A child's first computer shouldn't be "fun"

My 5 year old has a phone. I've judged many parents for letting their children, even much older than 5, play with phones. But hear me out, I'm not a hypocrite (I hope). We've all see those kids at the supermarket (or the zoo!) watching videos or tapping away at some simple game while the world passes them by. Even the supermarket can be a rich learning experience and even "fun" at times, but if a child would rather look at a phone than animals at the zoo you know something has gone wrong.

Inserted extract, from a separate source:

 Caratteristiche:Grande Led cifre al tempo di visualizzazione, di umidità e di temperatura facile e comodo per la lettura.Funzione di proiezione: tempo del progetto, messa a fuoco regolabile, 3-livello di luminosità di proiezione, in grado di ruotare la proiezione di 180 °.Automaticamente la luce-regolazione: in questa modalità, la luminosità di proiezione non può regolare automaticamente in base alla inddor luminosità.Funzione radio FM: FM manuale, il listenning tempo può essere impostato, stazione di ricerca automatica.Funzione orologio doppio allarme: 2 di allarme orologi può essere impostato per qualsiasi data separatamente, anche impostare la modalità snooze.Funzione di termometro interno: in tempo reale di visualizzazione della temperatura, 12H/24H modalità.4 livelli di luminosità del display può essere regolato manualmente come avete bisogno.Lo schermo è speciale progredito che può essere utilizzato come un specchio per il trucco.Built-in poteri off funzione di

And yet I gave my 5 year old a phone. Well, let's consider what apps are installed: a simple drawing program, a calculator, a camera app, and chat (google hangouts, oops). All simple but not designed specifically for kids, so no cutsie pictures or other attempts to capture attention. And she plays with it, but it certainly doesn't suck her in like watching youtube or a game would. There's plenty more interesting things to do in the world (like the zoo!) than her phone, and we've never had to put usage limits on it. Ok, doesn't sound so bad, but what are the upsides? Well she does enjoy it, but also she has a camera, she can draw, and she can play with numbers, and knows how to call her grandma on her own phone. And the cost was just $10 for an android sold by tracfone that has no service plan, just wifi. You'd pay much more just for a junky kids "friendly" camera.

But now I've gone further. Another $10 purchase (thanks craigslist), for a 15 year old thinkpad running windows XP.  What's installed? No games, no internet. But windows explorer (aka the desktop) and microsoft word 2000. Word is awesome. It might be the best learning game ever. You can type anything you like. Select it, move the cursor with the arrow keys, or even delete everything you wrote. It even tells you if what you typed is a word or not. Later on she can learn about word art, tables, etc.

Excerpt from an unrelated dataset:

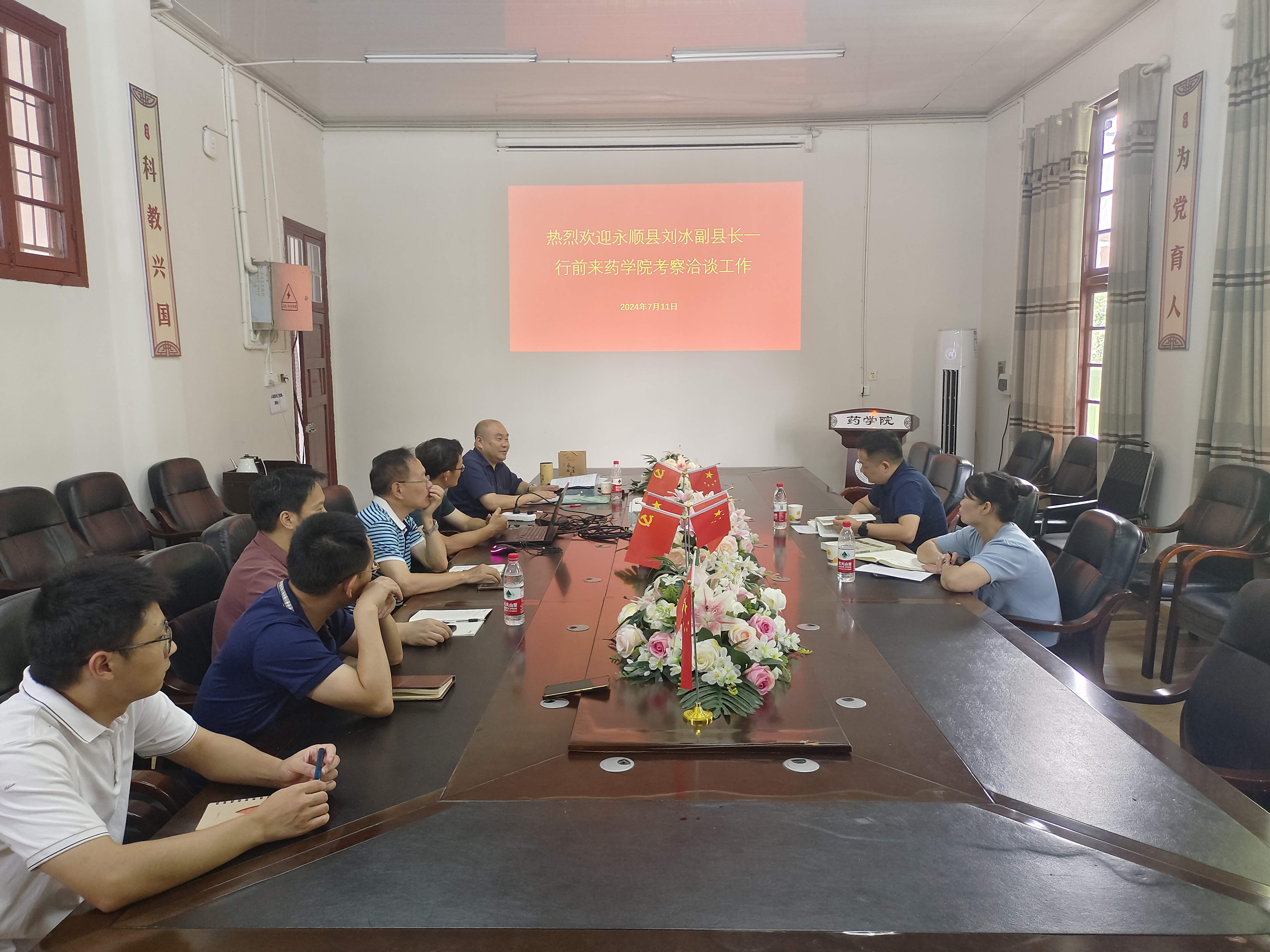 本网讯:7月11日上午,永顺县副县长刘冰,永顺县市场监督管理局党组书记、局长张宗江一行来公司考察洽谈中医药和生物医药产业工作,在太阳集团122cc会议室举行了座谈会。太阳集团122cc经理陈功锡、党委书记王江生、副经理李先辉、副经理张朝晖和部分教师参加了座谈会,原驻永顺县五官村乡村振兴工作队队长、驻村第一书记、公司退休教师李端生教授受邀参加座谈会。座谈会由王江生主持。

Later on I might show her ms paint. Or how about GW-basic? Actually, what I'd really like is something more modern than basic. Maybe "GW-python"? Regular python would be ok, but the graphics model seems to require a lot more programming knowledge than the old MS basic interpreters did. Anybody know of a good textmode interactive programming tool (with graphics and sound output commands) that wouldn't be overly complex for a kid to pick up? I don't want a visual programming environment or some plug-the-blocks-together "programming" environment.

summary: once you introduce youtube, actual games, etc. there's no going back. Start with the creative stuff that's intrinsically fun first and see how far they get!

PS. I am plotting her first game. Zork. Well, maybe I'm kidding there, but a simple vocabulary interactive fiction game might be an awesome way to encourage her to learn to read bigger words and write sentences, work on spelling, etc. I might have to settle for eliza or a modern variant, but I'm interested in suggestions here.


Anonymous said…
You state your position well -- and clearly. And kids being more engaged by technology than real life animals at the zoo is just plain disturbing.